Education  /  Overview

College Rankings Were Once a Shocking Experiment

Now they’ve become an American ritual.

In 1934, Edwin Embree made an informal list of “the dozen greatest universities in America.” As he related in The Atlantic the following year, “A storm at once broke over my temerarious head.” An unnamed politician responded with curses and threats over the exclusion of his state’s university on the list. The unranked institutions demanded to be ranked and threatened libel suits. The highly ranked wished to be ranked higher. An eager swarm of “pupils and their mothers” clamored to know what college to attend. Only the Harvard people, whose institution Embree ranked first, were happy.

Embree, a foundation executive who had worked in higher education, wrote his Atlantic article “In Order of Their Eminence: An Appraisal of American Universities” as a less temerarious (an eminent-sounding word for “reckless”) and more “authoritative” exercise. University rankings might be “unusual,” Embree noted, but they were a matter of systematic study, not “personal opinion.” His list ran to just 11 universities that met his definition of “eminence” (though he did list six others that were nearly eminent).

Embree and The Atlantic had stumbled upon the formula for a publishing juggernaut. Although the magazine has never since published university rankings, the factors that amplified the reception of Embree’s findings—institutions’ anxiety, consumer demand, and the appeal of controversy—have driven the popularity of its modern successor, the U.S. News & World Report college rankings, which released its most recent list last week.

College rankings have shaped much public discussion and perception of America’s higher education over the past four decades, yet it took nearly half a century after Embree’s list went public for the U.S. News version to emerge. In that interim period, lists would surface periodically, but they were more a curiosity (or an invitation to quarrel) than a cultural staple. By the 1980s, however, college had become a mass-consumer good, and rankings became a vital map of the American meritocracy.

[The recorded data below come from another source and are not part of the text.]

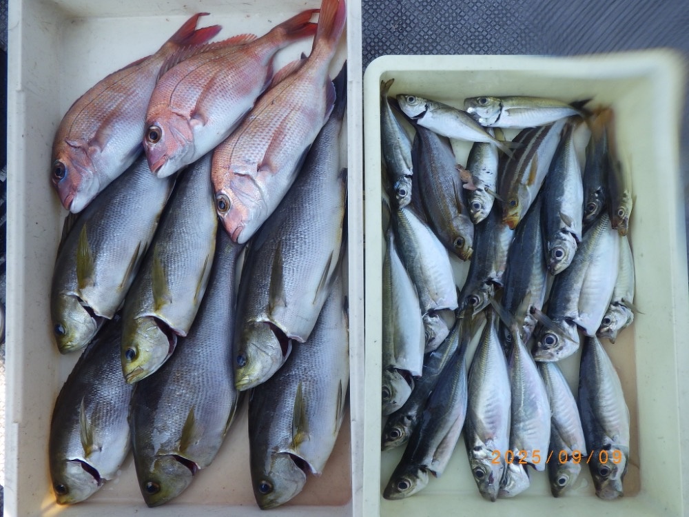 アジ&イサギ狙いで好釣果。アジは脂も乗っていて美味。マダイもまじってよい土産になっていました。
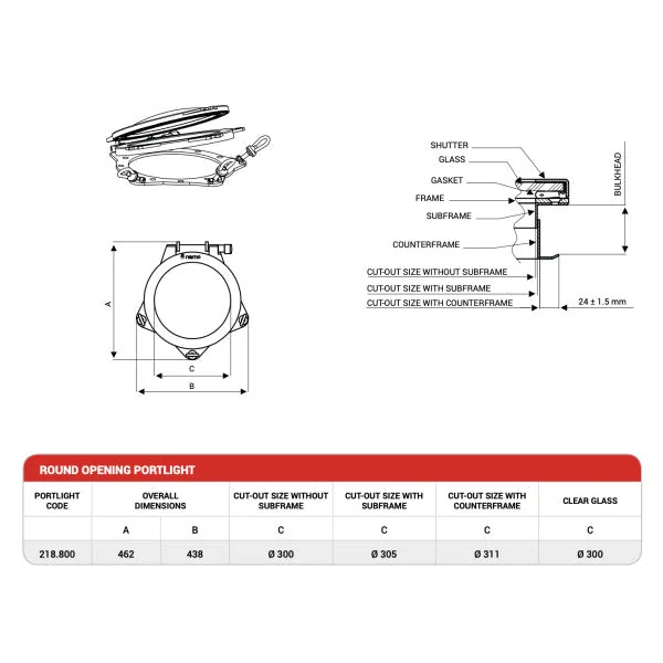 The Nemo 218.800 300 mm opening porthole made of stainless steel is an excellent choice if you want a sturdy, well-visible window in your ship, boat, or yacht. Due to the robust and durable materials, it is a solid and reliable product that is perfectly suited for maritime applications. The built-in window is made of double glass with a diameter of 300 mm, giving it a sleek and modern look. The materials used prevent corrosion in the water, making it the perfect way to look outside. Additionally, the design is slip-in-frame, making installation and removal simple. Combined with the two movable windows, the Nemo 218.800 300 mm opening porthole is the best option for a reliable window in a maritime vehicle.
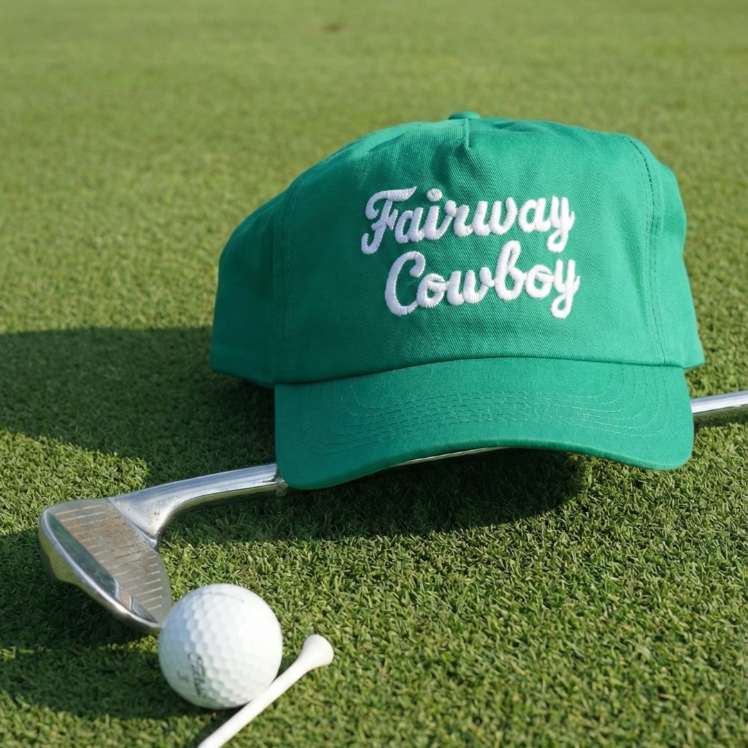 The Fairway Cowboy is a low-to-mid profile golf hat. Crafted from 100% canvas cotton, this hat has that perfectly broken-in, dad-hat feel. Snap it on, crack a drink, and pretend you’re keeping score (we won’t tell).
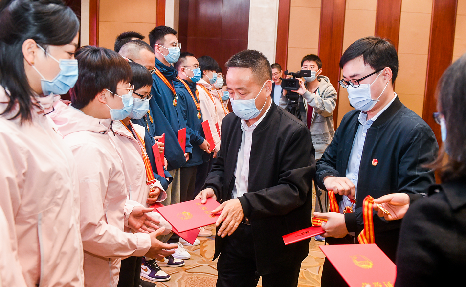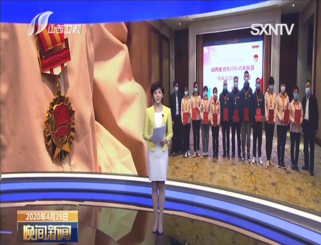 在“五四”青年节来临之际,4月29日上午,潜江团市委、卫健委有关领导赶赴山西,为山西对口支援湖北医疗队潜江分队的49名队员送上“潜江市青年五四奖章”。据共青团潜江市委副书记朱康介绍,作为潜江市青年的最高荣誉称号,此次颁发的潜江青年五四奖章也是潜江市建市以来第二次颁发。山西卫视对此次颁奖进行了跟踪报道。
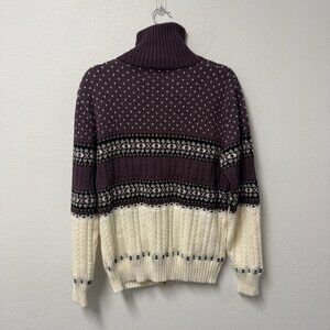 FLATIRON MILLS SWEATER VINTAGE KNIT FULL ZIP WOMENS M NORDIC CREAM PURPLE WINTER
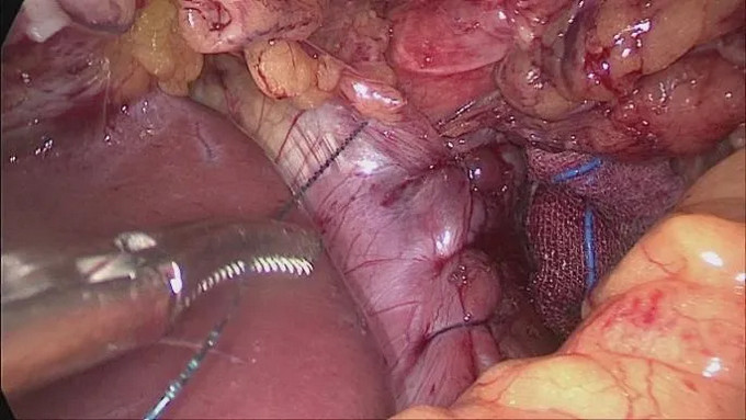 2.腹段食管游離:通過腹腔鏡將疝入胸腔的胃體游離并拉回腹腔;
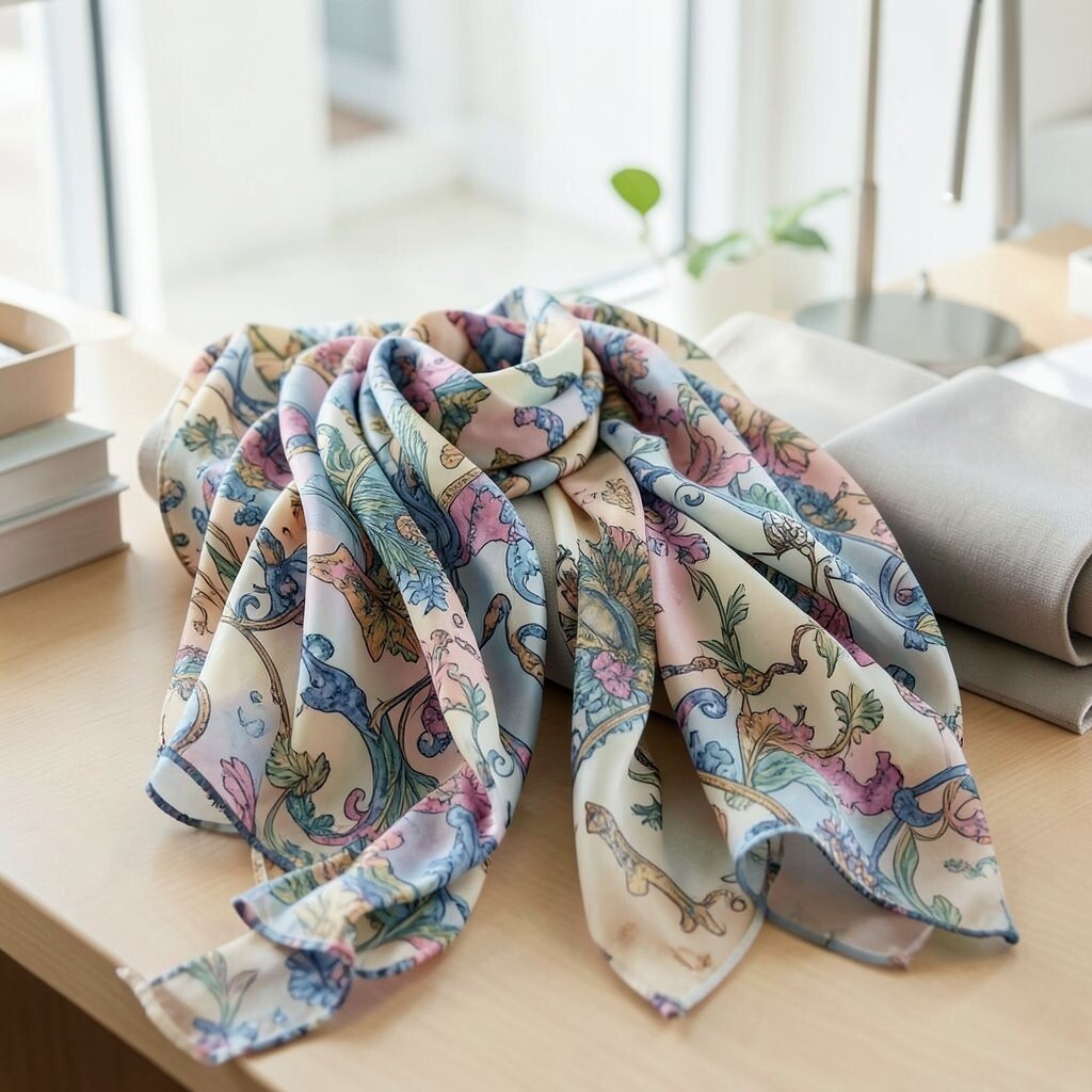 Small prints, thin borders, and soft color blends are easy to wear in the office. You can tie one at the neck, on a bag, or around a ponytail for a fresh detail.
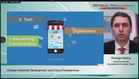 Taiwán desempeña un rol indispensable en la cadena industrial global de alta tecnología, mientras que Chile es el país más avanzado de América del Sur en industria y tecnología. La estructura industrial y económica entre Taiwán y Chile es diferente pero se complementan. Ambos países comprenden la importancia de mantener un desarrollo industrial sostenible frente al impacto de la pandemia. Por lo tanto, el 1er Foro de Desarrollo Industrial se enfoca en realizar intercambios técnicos y compartir experiencias relacionadas con la "Manufactura Inteligente". Los expertos panelistas de Taiwán, Sra. Kristy Hsu, investigadora asociada de Chung-Hua del Instituto de Investigación Económica y el Sr. Frank Hsieh, presidente de la Asociación de Manufactureros Eléctricos y Electrónicos de Taiwán y Kenmec Group, analizaron la tendencia de migración de la Cadena de Suministro Global, el nicho de cooperación de la industria de inteligencia de Taiwán y presentaron el actual estado y la implementación de la “Manufactura Inteligente” en Taiwán. Por parte de Chile, el Sr. Rodrigo Mujica, Jefe Economista de SOFOFA presentó el desarrollo industrial de Chile y la perspectiva de futuro. Además, el Phd Roy Lee, Senior Director Ejecutivo Adjunto de Chung-Hua del Instituto de Investigación Económica y el Sr. Manuel José Prieto, Director Internacional de SOFOFA, condujeron el diálogo de expertos industriales para explorar las oportunidades potenciales entre ambos países en la era pos-pandemia.
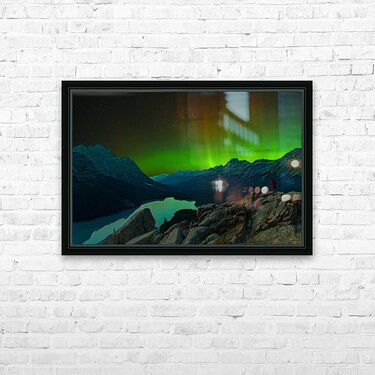Get this artwork "Aurora s Dance at Peyto Lake" in a framed print.

Prior to Embree’s article, the history of college rankings was generally the history of the controversies that came with them. In 1911, Kendric Babcock, a former university president working for the Bureau of Education, set out to classify the quality of undergraduate education at hundreds of institutions. His study was anything but temerarious. The product of two years of work, it was sober, statistical, and meant only for administrators who wanted a sense of which colleges prepared students best for graduate work. Yet when the results leaked—placing 344 schools into four tiers—a storm broke about Babcock’s head too. Catholic institutions were excluded from the top ranks; Syracuse’s chancellor protested until his university was moved into the top tier; some alumni were offended to learn that they hadn’t attended first-rate institutions.